Mais de 1.230 apartamentos em São Paulo foram comprados sob suspeita de fraude em programas de moradia social, segundo informações enviadas pelos cartórios de registros de imóveis ao Ministério Público e à prefeitura da capital. Essas unidades, destinadas a famílias de baixa renda ou de renda média, foram adquiridas por pessoas que não comprovaram estar dentro da faixa de renda exigida, levantando dúvidas sobre o cumprimento das regras do programa.
Desde novembro de 2024, os cartórios são obrigados a notificar o poder público quando identificam irregularidades na compra de moradias sociais. Os dados inéditos, coletados pelo Uol, revelam o envolvimento de nove das dez maiores construtoras da cidade, de acordo com o ranking da Empresa Brasileira de Estudos de Patrimônio (Embraesp).
A política municipal de moradia social oferece vantagens às construtoras, como descontos em impostos e permissão para construir acima da altura permitida, em troca da destinação de parte dos imóveis a famílias com renda de zero a dez salários mínimos.
No entanto, a falta de fiscalização dos contratos de compra e venda tem permitido que unidades sejam adquiridas por investidores e pessoas com renda superior ao permitido. Um exemplo citado é o de um empresário com salário de R$ 86 mil que comprou uma moradia social próxima à Saúde, na zona sul.
O Ministério Público entrou na Justiça para suspender a política municipal, mas uma decisão proferida na sexta-feira (7) extinguiu a ação sem julgamento do mérito. O juiz Renato Augusto Pereira Maia, da Fazenda Pública, ordenou que a gestão do prefeito Ricardo Nunes (MDB) instaure procedimentos administrativos para apurar eventuais fraudes e divulgue a lista de famílias atendidas pelas moradias sociais construídas com incentivos.

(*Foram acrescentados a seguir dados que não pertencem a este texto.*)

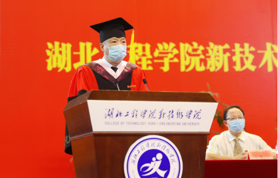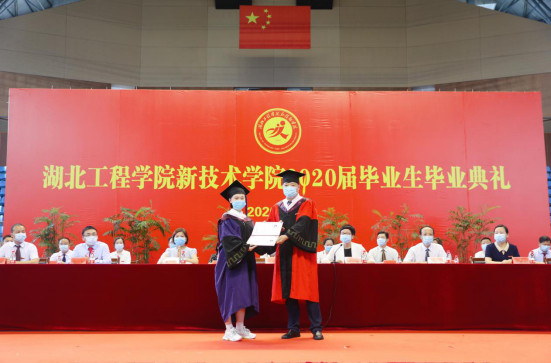毕业生代表朱晶伟作为优秀毕业生代表发言,他向领导老师们表答衷心的感谢,他说:在新院的时光,从当初的天真烂漫到今天的成熟稳重,我们成长了!遗憾没能在毕业时和老师、同学好好地说再见,但无论走到哪里,会永远记住自己是湖工新院人,明天,会让母校以自己而骄傲。

Os cartórios passaram a liberar o registro de moradias sociais em novembro de 2024, mesmo sem comprovação da renda dos proprietários, por ordem do Tribunal de Justiça de São Paulo (TJ-SP). Ao mesmo tempo, começaram a notificar irregularidades, o que se tornou um dos principais meios de fiscalização. Antes, a prefeitura exigia que o registro do imóvel só fosse feito com a comprovação da faixa de renda do comprador.
Os apartamentos suspeitos de fraude estão localizados em bairros como Itaim Bibi, Vila Olímpia, Pirituba, Sacomã e Tucuruvi. A lista inclui 60 construtoras e incorporadoras, além de 70 empreiteiras menores, especialmente na região da Vila Matilde, na zona leste. Os números devem aumentar, já que o procedimento de notificação agora é permanente.
Um dos casos destacados é o do Mundo Apto Brooklin, na zona sul, onde ao menos 50 compradores não conseguiram comprovar estar dentro do limite de renda ao registrar os contratos nos cartórios.
O projeto, com 625 unidades, foi licenciado com unidades enquadradas como Habitação de Interesse Social (HIS) e Habitação de Mercado Popular (HMP), que têm limites de renda familiar definidos. A Mundo Apto Empreendimentos afirmou seguir rigorosamente a legislação e que as condições de compra constam nos contratos.
Outro exemplo é o Alto São Domingos, em Pirituba, da Cury Construtora e Incorporadora S.A., onde ao menos 40 unidades foram vendidas sem comprovação de renda. A Cury declarou que preza pelo atendimento às diretrizes do programa habitacional e colabora com o MP e a prefeitura.
Já a Vivaz Residencial, braço popular da Cyrela, teve 16 prédios listados pelos cartórios, com 69 unidades vendidas sob suspeita de fraude. A Cyrela também afirmou cumprir a legislação.
A Promotoria de Habitação e Urbanismo aponta que os benefícios fiscais e urbanísticos oferecidos ao mercado privado têm proporcionado a prática de “enriquecimento ilícito”.
O órgão vai recorrer da decisão judicial que não suspendeu a política, mas, se comprovadas, as fraudes seguem passíveis de multa e processo judicial. Até agora, a prefeitura abriu nove processos de sanção e aplicou multas de R$ 31 milhões a dois projetos.
A gestão de Ricardo Nunes (MDB) pretende contratar uma auditoria externa para fiscalizar as licenças concedidas mediante subsídio, com um valor previsto de R$ 43,7 milhões. A Cyrela, Tenda, MRV, Plano&Plano, Vibra Residencial, One, Benx, Canopus, Rev3, Econ, M.A.R. Hamburgo e Mf7 Eusébio Incorporadora emitiram notas destacando o cumprimento das normas.